* [SUPPLIED DATA]
══════════

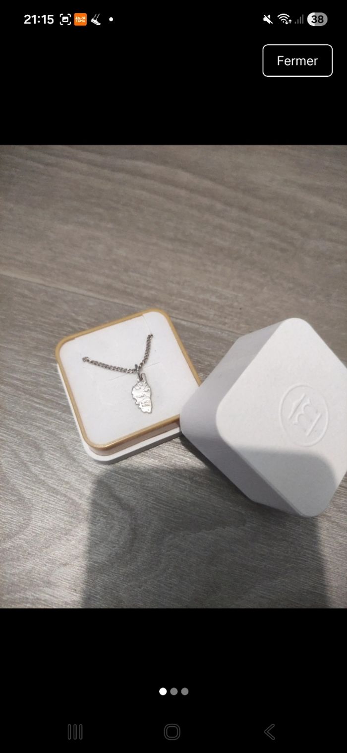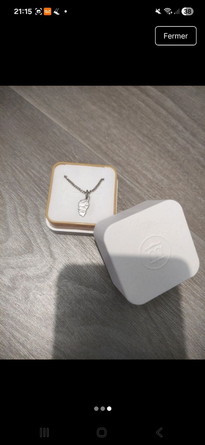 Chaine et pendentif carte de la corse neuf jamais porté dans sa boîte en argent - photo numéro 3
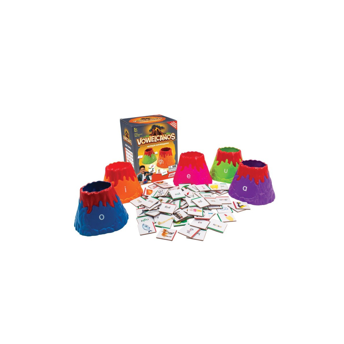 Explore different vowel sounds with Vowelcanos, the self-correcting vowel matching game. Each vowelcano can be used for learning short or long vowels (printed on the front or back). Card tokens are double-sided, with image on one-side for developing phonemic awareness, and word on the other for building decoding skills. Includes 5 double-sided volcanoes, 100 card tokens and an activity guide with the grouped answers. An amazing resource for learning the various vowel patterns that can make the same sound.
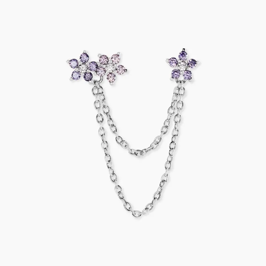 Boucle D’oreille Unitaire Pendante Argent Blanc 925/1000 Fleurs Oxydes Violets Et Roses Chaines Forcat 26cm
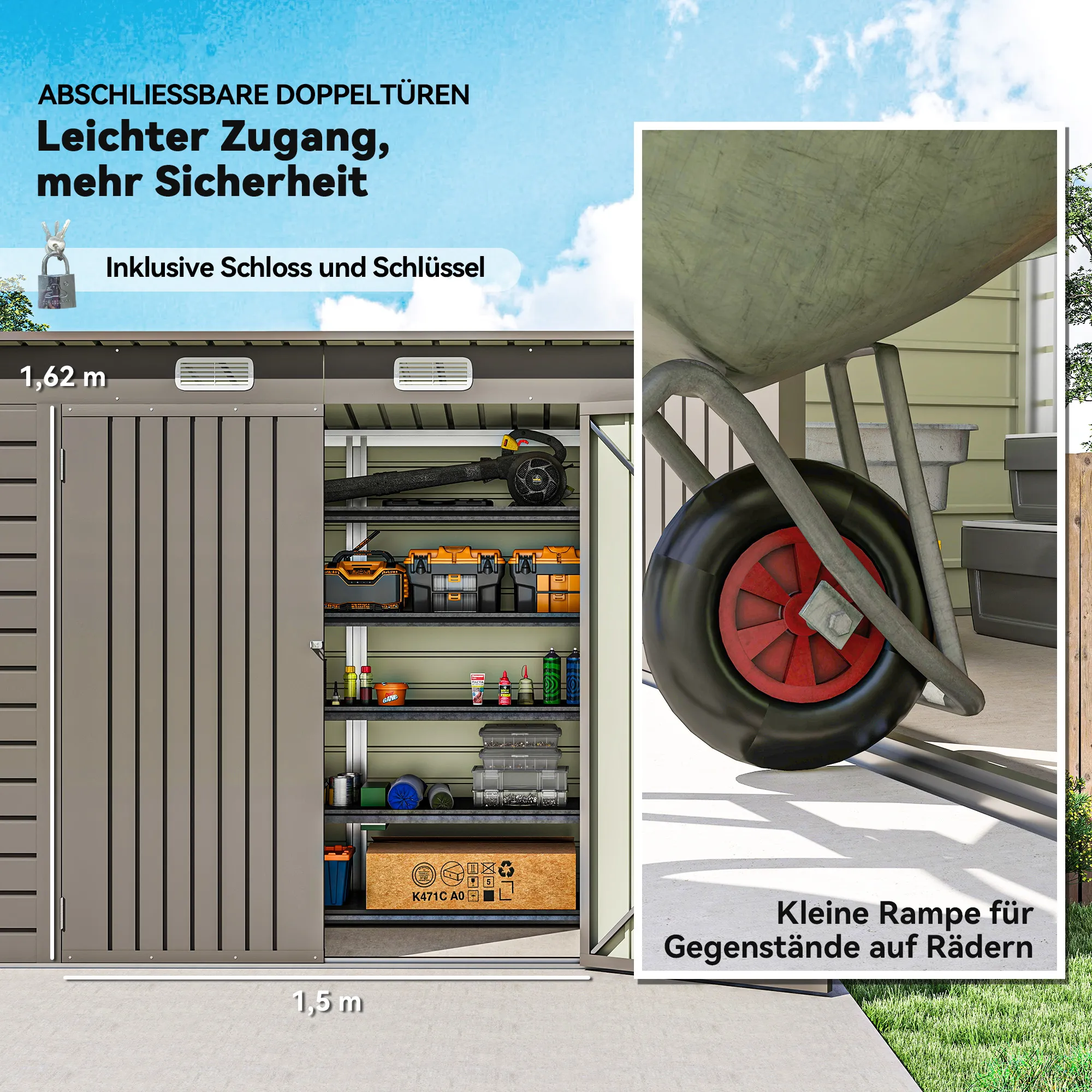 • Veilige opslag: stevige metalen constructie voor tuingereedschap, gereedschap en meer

══════════

* [ACTION ITEM] Copy exactly, please, every line from the one holding "Boucle D’oreille Unitaire" through the last line of the data, both ends included, and no pictures.

* [REPLY TO THE EXERCISE]
 Boucle D’oreille Unitaire Pendante Argent Blanc 925/1000 Fleurs Oxydes Violets Et Roses Chaines Forcat 26cm
 • Veilige opslag: stevige metalen constructie voor tuingereedschap, gereedschap en meer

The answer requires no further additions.